:: PROVIDED MATERIAL
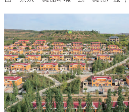
通过“村改社区”建设，榆阳区黄家圪崂村的群众搬进了红黄相间的二层小楼房。

近年来，榆林市榆阳区大力推进生态文明建设，发展全域旅游产业，探索出一条从“美丽环境”到“美丽产业”，再到“美丽经济”的“榆阳模式”。2020年国庆节前，占地37平方公里的麻黄梁黄土地质公园正式对外开放，如今已成为陕北乃至周边省市游客的网红打卡地。
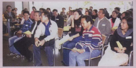
學長、學員在輕鬆的氣氛下分享經驗和心得。

聯合書院岑才生學長計劃於2006年1月14日在思源館舉行中期經驗分享會，藉以加強學長學員間的溝通及檢討計劃進度。當日共有六十多位學長學員出席，活動包括小組分享、卡拉OK及燒烤自助餐，氣氛既熱鬧又溫馨。
::::
* WORK REQUIRED *
Without the pictures, write out all of the material exactly.

* ANSWER FOR THE TASK *
通过“村改社区”建设，榆阳区黄家圪崂村的群众搬进了红黄相间的二层小楼房。

近年来，榆林市榆阳区大力推进生态文明建设，发展全域旅游产业，探索出一条从“美丽环境”到“美丽产业”，再到“美丽经济”的“榆阳模式”。2020年国庆节前，占地37平方公里的麻黄梁黄土地质公园正式对外开放，如今已成为陕北乃至周边省市游客的网红打卡地。
學長、學員在輕鬆的氣氛下分享經驗和心得。

聯合書院岑才生學長計劃於2006年1月14日在思源館舉行中期經驗分享會，藉以加強學長學員間的溝通及檢討計劃進度。當日共有六十多位學長學員出席，活動包括小組分享、卡拉OK及燒烤自助餐，氣氛既熱鬧又溫馨。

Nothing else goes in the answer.